The political power of the portrait has deep-rooted histories in pre-colonial as well as post-colonial South Asia.
Art historian Natasha Eaton has elaborately researched pre-photographic practices of gifting painted portraits initiated by the East India Company, attempting to replace Mughal gifts of khil’at (robes) and nazar (tribute money) with that of “likenesses”.
Even in the post-Independence period, exactly a hundred years after Nelyemma’s exchange, the photographic portrait retained huge potency in matters of soft politics. A letter dated November 7, 1975, from Lord Mountbatten of Burma to Maharaja Karni Singh of Bikaner contains the fulfilment of a longstanding demand for sharing an “autographed photograph” (Fig. 3).
This seemingly informal photographic exchange between “friends” is intertwined within the larger political context of the erstwhile prince’s request for permanent residence in the United Kingdom.

Moving beyond these exchanges which explicitly highlight friendships cultivated for diplomatic benefits, what conclusions can be drawn about the case of Durru and Sita? Fig. 1 hints towards a different kind of history – of the camera’s more intimate encounters and its role in forging a transregional women’s network.
The role of princely women in the regional history of women’s movements in South Asia has rarely been outlined or acknowledged. The emergence of Hyderabad as a key site for many women’s clubs and movements needs to be contextualised within Durru’s vast interpersonal networks and charismatic public presence.
A photograph in the LIFE collection (access it here), clearly staged, is crucial in understanding the centrality of Durru’s role in organising first aid training camps for women during World War II.
In a similar side profile as in Fig. 2, Durru stands at the centre of an ensemble of women demonstrating diverse first aid know-hows. All the women, except three, are dressed in a uniform white saree with a simple border.

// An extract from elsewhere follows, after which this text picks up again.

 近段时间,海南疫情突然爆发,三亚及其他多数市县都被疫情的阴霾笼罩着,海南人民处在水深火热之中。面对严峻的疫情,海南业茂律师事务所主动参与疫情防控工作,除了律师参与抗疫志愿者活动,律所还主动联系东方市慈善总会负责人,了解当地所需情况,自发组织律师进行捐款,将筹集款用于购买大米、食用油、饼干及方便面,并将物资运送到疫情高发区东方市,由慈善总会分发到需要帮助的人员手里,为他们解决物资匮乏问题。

How might this photograph have circulated? Was it meant for a predominantly female audience serving as a handbook for first aid? Further research on the channels of circulation – newspapers, ladies magazines, hand-distributed pamphlets – will throw much-needed light on the nature of such regional women’s collectives and spaces in princely states.

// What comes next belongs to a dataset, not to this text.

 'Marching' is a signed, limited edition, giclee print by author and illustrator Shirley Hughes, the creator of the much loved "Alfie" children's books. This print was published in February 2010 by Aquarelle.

Most studies on princely women exclusively focus on their grand lifestyles and refined demeanour, so much so that their everyday acts of rebellion are often glossed over – stepping out of purdah, forming diverse friendships, commissioning and exchanging photographic portraits, and eventually setting up the first clubs, schools and hospitals for women.

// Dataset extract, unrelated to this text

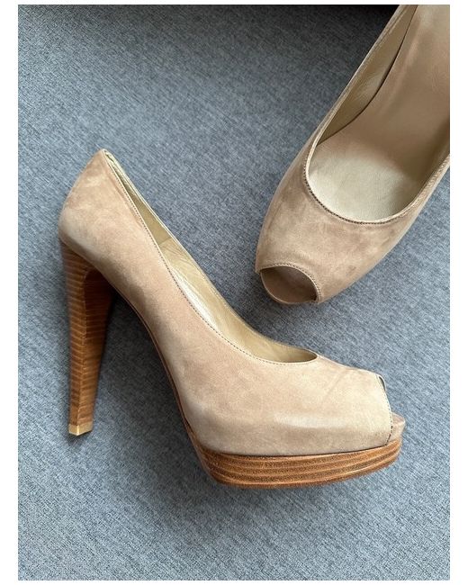 Stunning pip toe shoes in beige suede. Original box and dust bag included.

The status of the photographic portrait as an intimate view to one’s self is an opportunity to examine its role not just in colonial and princely politics, but also within histories of friendships and diplomacy in South Asia.
With the advent of modern nineteenth-century technology – the camera, the telegraph, the postal system – both text and image could now travel at an unprecedented speed. Thus, the early twentieth century witnessed a revolutionary shift in practices of friendship, especially amongst women.
The significance of this phenomenon has already been noted in the Victorian as well as Ottoman contexts. But how it operated in the Indian socio-historical context has been vastly neglected.
Historians from this period have extensively written on the role of British memsahibs in the colony and their social networks, as well as the wider suffragette movement in England with participation of noteworthy Indian counterparts.
However, Indian women’s informal, domestic, transnational networks of friendship have been almost absent in these discussions.
It is precisely at this juncture that Durru’s photographs open a fertile, unexplored terrain of women’s networks and friendships across South Asia in the late colonial period.
Pronita Tripathi is a researcher and writer based in New Delhi, working on histories of photography, friendships and cinema.